Third, the Mission-mode project management structure (National Mission, State Mission, District Mission), invented in 1986, was re-imposed in Swajaldhara. Each level received targets, money and guidance from the top. Staffing of Missions at each level was elaborately designed within the bureaucracy. Comparable staffing and capacity in Panchayati Raj Institutions was ignored. As a consequence, reporting and accountability was upwards, not sideways to panchayats or downwards to community (in whose name the scheme was modelled).


Discussions in the consultation highlighted precisely how these lessons have been ignored in the JJM guidelines.
• While fancy language of community participation and centrality of panchayats is used, it is clear that plans, targets, finances and monitoring would be top-down. The proposed Mission structure is not much different from previous programs, and is a replica of the recently concluded Swachh Bharat Mission (SBM). In fact, the mind-set, systems and leadership of JJM is an extension of SBM.
• The guidelines ‘re-count’ the same problems which Swajaldhara had identified – ‘less community involvement’, ‘poor organisation and management’, ‘coordination challenges’. How these are being addressed under JJM is rather unclear, since the design of the delivery system is similar to that of Swajaldhara.
• Despite eulogising Panchayati Raj Institutions as constitutional bodies responsible for water, the new guidelines equate panchayats with water user groups, pani samitis and other non-statutory community level bodies. Village Action Plans for JJM are seen as standalone plans, with separately convened Gram Sabhas. These are not integrated into the process of preparing the Gram Panchayat Development Plans (GPDPs), as mandated by the 14th Finance Commission.

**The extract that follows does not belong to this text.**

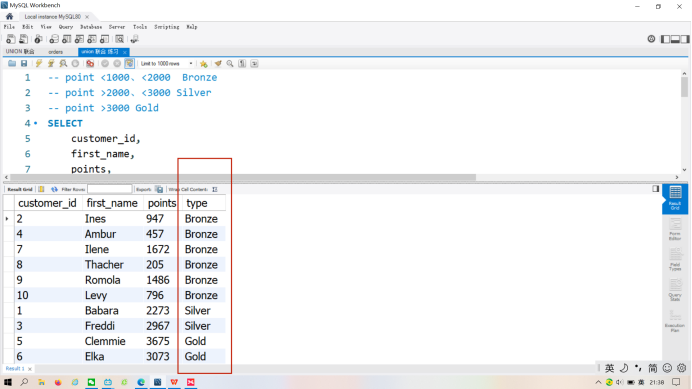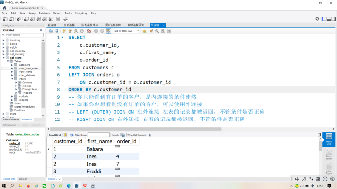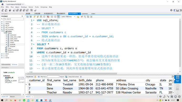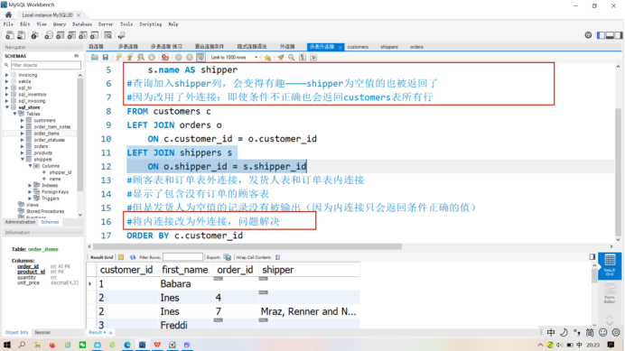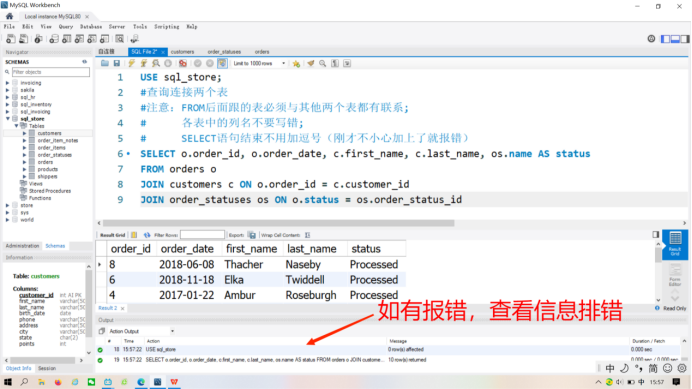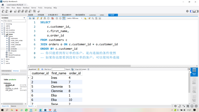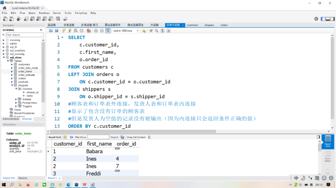 现在我们想要输出带有顾客信息的订单,可以将两表连接——内连接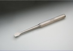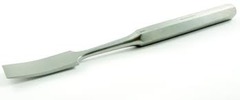 Single-ended; flat, spade-shaped tip; slightly curved blade; multiple tip widths used for scraping bone, periosteum, and soft-tissue

• Roles and responsibilities of all the listed stakeholders are not clearly defined. Certain tiers of institutions, like Panchayat Samiti, Zila Parishad and DPC, have been ignored once again. Inter-departmental coordination remains opaque, without specifying accountability to Panchayati Raj Institutions.
• Despite a huge five year allocation, it is unclear how such resources will be mobilised and deployed in a manner that supports local plans. Many national schemes like MNREGA are already experiencing slowing of funds flow. Added to this, synchronising and harmonising contributions of state government, MPLAD and MLALAD funds, CSR funds and panchayat’s own resources may become a highly complex effort.
• Recharging of existing sources and water bodies, and integrating previous local water harvesting and storage systems have been left as an add-on. Without focusing on the totality of use of water in a village community—drinking, household, animals, agriculture, etc—ownership and equitable distribution of water in the local community is unlikely to occur.
• There are several other questions about governance of water in the country today. Some community-driven water projects seem to have excluded the marginalised, poor and tribals, and especially the landless, in rural areas. Given that water is a natural resource, covered under PESA (Panchayat Extension to Scheduled Areas) in tribal-dominated districts, its governance has to be entirely in the hands of the local tribal community, under scrutiny of Gram Sabha. How has this been considered in the JJM guidelines?

Given the increasingly centralising tendencies in the governance of Indian democracy these days, it is unlikely that principles of local control and management of drinking water in rural India would come under the governance of Panchayati Raj Institutions. Since ‘full coverage’ of rural households under JJM is likely to be ‘pronounced’ in 2024 anyways, it might be useful to also consider strengthening community voice and panchayat capacity, even if in smaller jurisdictions, in this endeavour of bringing water to every Indian’s home.